- What you are asked to do
No pictures go into the copy. Write out exactly the lines below from the one containing "大きな掃き出し窓で明るい室内" through the one containing "- Second living".

- Entries supplied

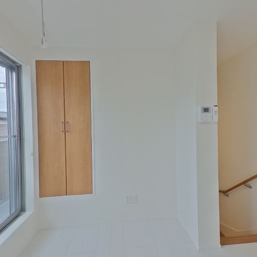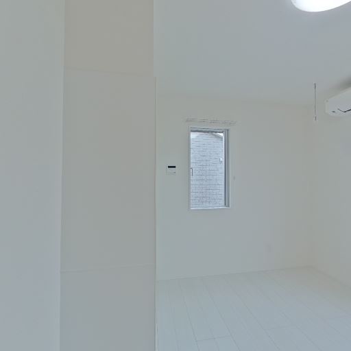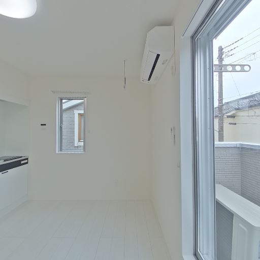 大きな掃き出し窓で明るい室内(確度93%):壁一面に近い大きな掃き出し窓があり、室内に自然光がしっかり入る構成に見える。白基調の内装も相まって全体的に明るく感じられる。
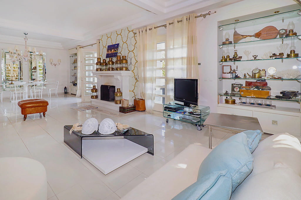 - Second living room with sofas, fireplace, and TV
...
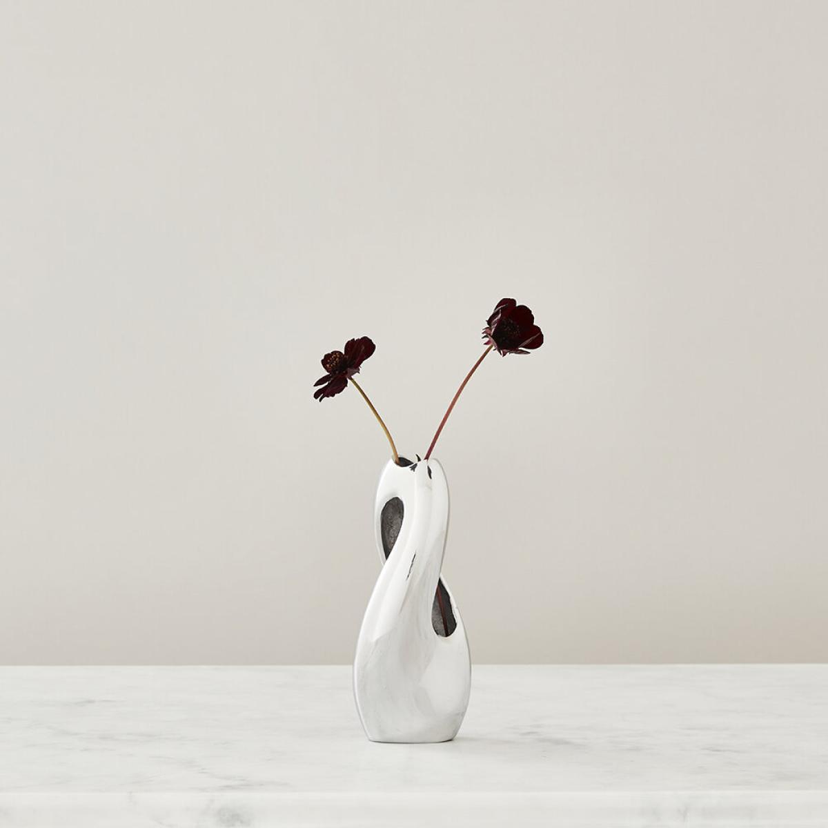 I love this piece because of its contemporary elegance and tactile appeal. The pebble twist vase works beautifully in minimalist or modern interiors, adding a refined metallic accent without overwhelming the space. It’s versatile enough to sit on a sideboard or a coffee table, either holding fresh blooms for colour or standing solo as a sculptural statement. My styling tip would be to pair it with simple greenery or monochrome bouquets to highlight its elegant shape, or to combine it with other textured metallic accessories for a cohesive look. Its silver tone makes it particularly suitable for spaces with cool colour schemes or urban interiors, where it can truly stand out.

- Answer to the exercise
 大きな掃き出し窓で明るい室内(確度93%):壁一面に近い大きな掃き出し窓があり、室内に自然光がしっかり入る構成に見える。白基調の内装も相まって全体的に明るく感じられる。
 - Second living room with sofas, fireplace, and TV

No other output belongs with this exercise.